The division of property is taxed in the same way as other profit-generating transactions. According to Art. 209 and 210 of the Tax Code of the Russian Federation, a person who has received income must necessarily pay income tax; the receipt of profit in the liquidation process is regulated by Art. 23 Tax Code of the Russian Federation.

In this case, tax is deducted only from income; compensation for the amount of shares is not considered as such.

When to pay personal income tax when dividing property between spouses during the divorce process: the position of the Ministry of Finance

To answer this question, it is necessary to determine the method of division of property, as well as the stage.

Paying taxes on property division agreements before and after divorce

Property can be divided by concluding an agreement before the divorce. To do this, the spouses negotiate among themselves what exactly will become the property of each of them. The completed agreement must be certified by a notary. Otherwise, the document will not have legal force.

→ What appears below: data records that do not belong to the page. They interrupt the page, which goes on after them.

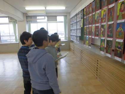 校内版画展の鑑賞をしました。どの学年も工夫をこらし取り組まれており,子ども達はどの学年の作品にも見入っていました。アイビーペアの3年生の作品については,メッセージを書きました。よいところを伝えに行きたいと思っています。
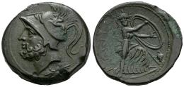 Bruttium. The Brettii. Didrachm. 214-208 BC. (Scheuch-38). (Sng Ans-94/95). (HN Italy-1987). Anv.: Head of Ares to left, wearing crested Corinthian helmet decorated with pegasos; thunderbolt below. Rev.: Hera Hoplosmia advancing to right, holding shield and spear; BPETTIΩN to left, grape bunch to right. Ae. 16,58 g. Rare in this condition. Ex Numis Antiques, Vcoins (06/05/2010); Ex Sternberg Auction XXXIII (1997), lot 3. Almost XF. Est...300,00.
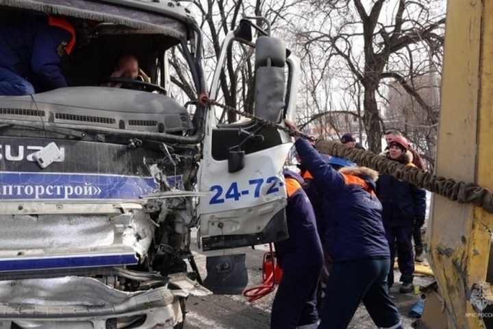 В Хабаровске в районе улиц Аэродромной и Целинной 29 февраля произошло ДТП, в котором пострадал водитель самосвала. Мужчине понадобилась помощь спасателей. Они деблокировали пострадавшего.
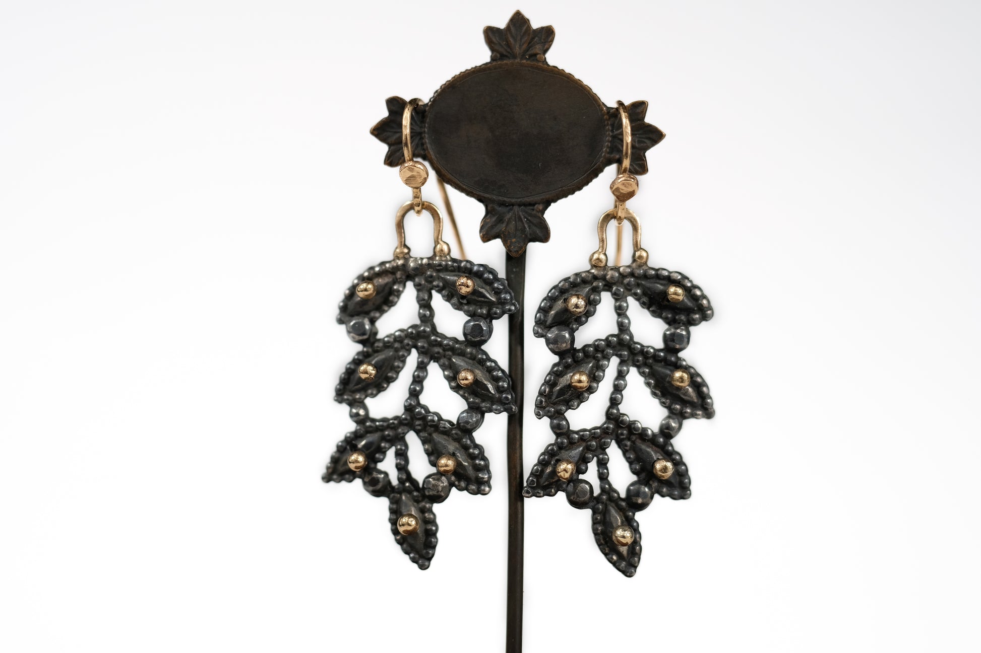 I have always adored cut steel jewelry from the Victorian age. I made a mold of one and cast sterling silver replicas. I then drilled holes and torch balled 14k gold wire, piercing through each leaf. The gold is seen both in front and behind. The beloved Horseshoe Finial and 14k ear wire make these danglers the perfect statement for the Modern Bohemian.

The agreement must specifically state what each party will receive. For example, an apartment goes to the wife, and a car and bank account goes to the husband.

It can be concluded that if the spouses enter into an agreement before the divorce, they will not need to pay taxes.

Paying taxes during a divorce through court

If spouses cannot divide property without disagreement, they will have to go to court. However, it is important to take into account that in the end one of the parties may end up with a large part of the property. As an example, let’s take a situation where the wife gets 80% of the apartment, and the husband gets the remaining 20%. And it is impossible to say for sure that the spouse will receive monetary compensation, since it may well not be awarded.

If the court rules that one of the spouses must pay the other monetary compensation for property, then there is no need to pay off personal income tax. This also applies to cases where a husband or wife receives an additional share of property.

If the spouses divorced and then decided to divide property

The law does not prohibit the division of property after a divorce. However, you should be prepared for the fact that in some cases an obligation to pay personal income tax may arise. This is due to the fact that the parties are no longer husband and wife.

If, after a divorce, the spouses enter into an agreement stating that the property will be divided equally between the parties, then they will not have to pay personal income tax. This is because each party gets their due share, which means there is no benefit.

If after a divorce one of the spouses receives a larger share, and the other is paid monetary compensation, then it is necessary to pay personal income tax. As an example, we can imagine a situation where a husband receives 100% of the apartment, after which he pays his wife 50% in cash. In this case, the wife is responsible for paying the tax.

If, after a divorce, the husband receives a large share of the property, and the wife is not paid monetary compensation, then the husband is responsible for repaying the tax, since it was he who received the benefit.

Taxation of marriage contract

According to the norms of the current legislation of the Russian Federation, if spouses enter into a marriage contract, then there will be no taxation when dividing property. This is due to the fact that when concluding such a contract, the spouses have no economic benefit.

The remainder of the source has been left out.